# [TASK INSTRUCTIONS]
Word for word, copy the line that contains "入場者特典已確定為原作者櫻井" and each line after it in the data below. Pictures stay out of the copy.

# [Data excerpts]
*** Begin section ***

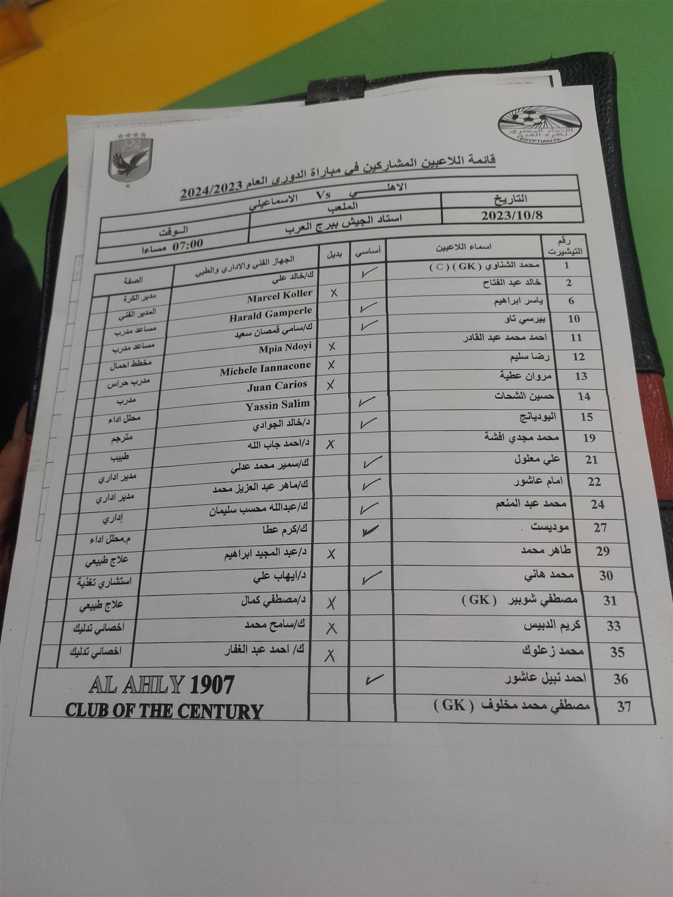 وأعلن السويسري مارسيل كولر المدير الفني للنادي الأهلي عن تشكيل فريقه استعدادا لمواجهة الإسماعيلي في المباراة المقرر إقامتها مساء اليوم الأحد على ملعب برج العرب بالإسكندرية ضمن منافسات الجولة الثالثة من بطولة الدوري المصري الممتاز للموسم الحالي 2023-2024.
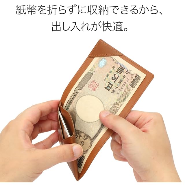 金属の部品は全く使用していないので、服やカード類を傷つけません。紙幣を二つ折りせずに収納できるから、出し入れが快適です。
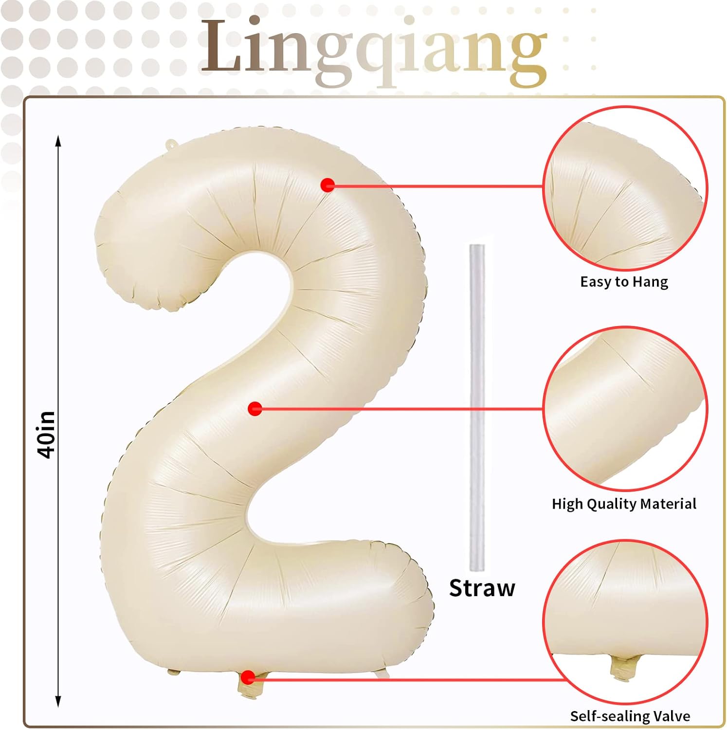 - 🎉 Beige Number 2 Balloon 🎉 - You will get 1pc 40 inch mylar foil number 1 balloon and 1pc straw. Perfect for 2nd 12th 20th 21st 25th birthday or anniversary party decorations supplies.
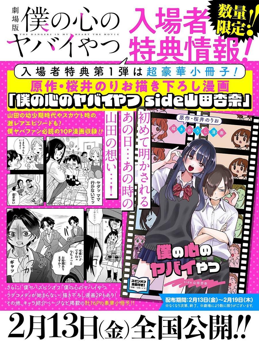 入場者特典已確定為原作者櫻井紀雄老師親自繪製的超豪華10頁漫畫。內容將揭曉山田的幼年時期、進入演藝圈的契機,以及「那一天」、「那一刻」山田的心路歷程等。此外,還收錄了外傳作品《我內心的糟糕念頭 戀愛喜劇開始不了》的2頁全新繪製漫畫。2026年2月13日(五)起限量發放!
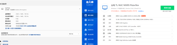 驱动装好之后,可以在刷新率看到165Hz,如丝般顺滑。在鲁大师中可以看到型号台电TL-NUC N5095 Pizza Box,处理器是赛扬N5095,基础频率是2.0GHz,最大睿频是2.9GHz,4核心4线程,性能强,功耗低,所以科技的进步还是有必要的。
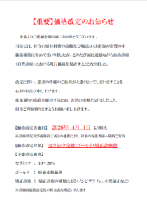 自由診療(自費診療)における一部治療費の価格改定
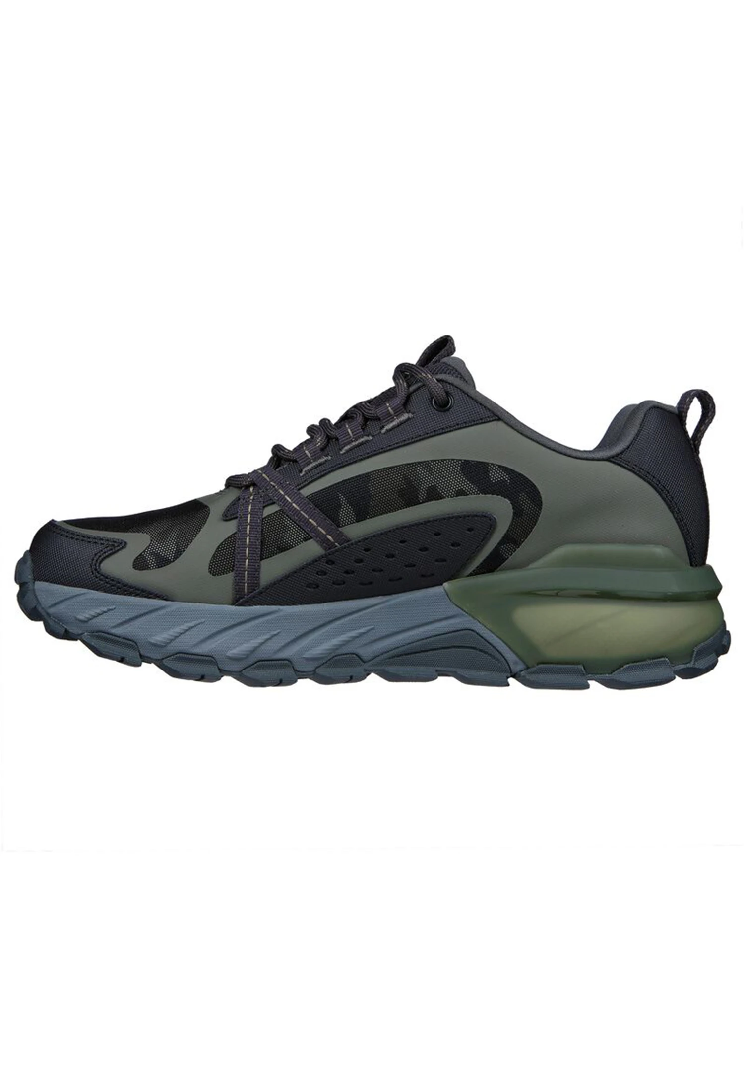 Der Skechers Max Protect – Task Force vereint sportlichen Komfort und dauerhafte Traktion. Dieser Schnürschuh für Outdoor-Trails verfügt über ein mit 3M Scotchgard behandeltes, wasserabweisendes Obermaterial aus Leder und Synthetik mit einer Skechers Air-Cooled Memory Foam Einlegesohle und einer rutschfesten Goodyear Performance-Laufsohle.

*** End section ***

# [SOLUTION TO THIS EXERCISE]
 入場者特典已確定為原作者櫻井紀雄老師親自繪製的超豪華10頁漫畫。內容將揭曉山田的幼年時期、進入演藝圈的契機,以及「那一天」、「那一刻」山田的心路歷程等。此外,還收錄了外傳作品《我內心的糟糕念頭 戀愛喜劇開始不了》的2頁全新繪製漫畫。2026年2月13日(五)起限量發放!
 驱动装好之后,可以在刷新率看到165Hz,如丝般顺滑。在鲁大师中可以看到型号台电TL-NUC N5095 Pizza Box,处理器是赛扬N5095,基础频率是2.0GHz,最大睿频是2.9GHz,4核心4线程,性能强,功耗低,所以科技的进步还是有必要的。
 自由診療(自費診療)における一部治療費の価格改定
 Der Skechers Max Protect – Task Force vereint sportlichen Komfort und dauerhafte Traktion. Dieser Schnürschuh für Outdoor-Trails verfügt über ein mit 3M Scotchgard behandeltes, wasserabweisendes Obermaterial aus Leder und Synthetik mit einer Skechers Air-Cooled Memory Foam Einlegesohle und einer rutschfesten Goodyear Performance-Laufsohle.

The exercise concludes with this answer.